ISSN: 1391 - 0531
Sunday, November 19, 2006
Vol. 41 - No 25
Columns - The Sunday Times Economic Analysis

Budget 2007: A modest recognition of fiscal realities

If Budget 2007 is indicative of a genuine effort at fiscal consolidation, it is a step in the correct direction. Yet as in past years we have to await the final outcome rather than rely on the figures presented in the Budget Speech

The unrealism in the budget is seen in that inflation is expected to be contained at 8.5 per cent with an expected budget deficit of 7.5 per cent that is likely to increase if war expenditures are not contained

By the Economist

Budgets have become increasingly predictable. The fundamental fiscal problems that were highlighted in these columns the last two weeks are not addressed in a realistic way though the rhetoric indicates that they are.

The figures presented in budgets tend to be unrealistic. Expenditure figures are downplayed, revenue figures are unrealistically high and consequently the final budgetary outcome is significantly different from that presented in parliament. An optimistic picture of the economy is outlined, hopes of rapid economic growth are generated and bonanzas are given to the poor, public servants and the retired and consequently the fiscal burdens increased.

Scenes in Parliament on Budget day

In short budgets have become pieces of fiction. The deliverer of the budget must seem a magician who could pull out of the budget box goodies that are not simply available. This scenario has been played out so often that the budgets credibility has been eroded. The expectations are not the bright days outlined in the budget speech but the inevitable rises in the cost of living that people have to face. And much of these problems arise out of bad fiscal management.

Budget 2007 did display a little difference--hopefully a significant one for the evolution of fiscal policy of the future. Whether the difference arose owing to the agreement with the UNP or was part of the maturation process of the President, it may be difficult to say. The significant difference was that the economic performance was not as glowing as before. There was a modulation in tone and temper. Even the figures though somewhat inconsistent were not heavily exaggerated, only somewhat overstated. There were implications that may not have been readily clear to the ordinary reader or listener, yet some economic realities were underlined. It was certainly not a budget that promised "Blood, sweat and tears", yet one that seemed to say this is all that you can expect as my hands are tied. It was a budget that said, between the lines, that 'this is all I can do because you are not allowing me to take the correct course of action'.

There were some significant differences in this Budget from that of the previous one. No more ambitious ideas of public spending and huge subsidies, no talk of programmes to develop information technology, no new programmes to employ graduates and inflate salary bills. In some cases such as policies on information technology dispersion it is likely that last years programmes would be continued and there was no need to repeat it. In the case of graduate employment the policy was to implement the promised programme in the last budget rather than expand it further. Even a degree of trimming of the programme was observable.

The President appears to recognise the need to implement reforms in loss-making public enterprises but implied that it is not possible to implement them because of the opposition of trade unions and some minor political parties.

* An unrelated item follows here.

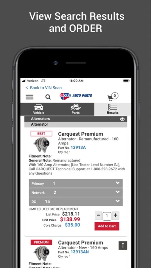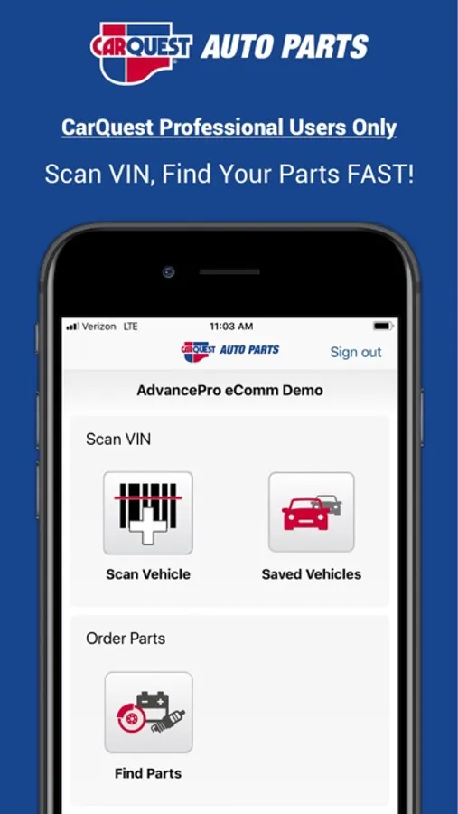 Carquest® Independent Customers can scan directly from a vehicle’s barcode (windshield or door mounted), search for parts, and order directly from the app using their secure Carquest Professional account.

At least the recognition that these reforms were needed may be a first step to their reform in the future. The bitter pill is that since the government is unable to reform, the people must bear the burden. A few policy changes would also reduce losses and some responsibilities have been placed in the hands of the workers of these enterprises as well.

The revenue estimates for 2007 are perhaps more realistic than in previous years owing to a better performance and methods of revenue collection last year and some reforms in administration. Nevertheless the containment of last year's deficit to a revised 7.2 per cent is unlikely in view of the large defence expenditure.

The unrealism in the budget is seen in that inflation is expected to be contained at 8.5 per cent with an expected budget deficit of 7.5 per cent that is likely to increase if war expenditures are not contained. Perhaps this estimate is based on an optimistic expectation of international prices of oil declining. With the depreciation of the rupee import prices are likely to rise and inflationary pressures would be inevitable.

As announced before the Budget presentation, the theme of Budget 2007 was to be infrastructure development. This component of the Budget is perhaps the least realisable as in the past. The intentions to develop the country's economic infrastructure are indeed indisputable. There is no prospect of achieving higher rates of growth without a significant improvement of infrastructure. The Budget envisages the development of highways, power plants, airports, ports and electricity. There are also plans to improve the housing stock. Whether these would be achieved due to financial constraints and weak capacities to implement the programmes is the real issue and concern. Going by past performances these good intentions may remain in planning documents for quite some time.

If Budget 2007 is indicative of a genuine effort at fiscal consolidation, it is a step in the correct direction. Yet as in past years we have to await the final outcome rather than rely on the figures presented in the Budget speech.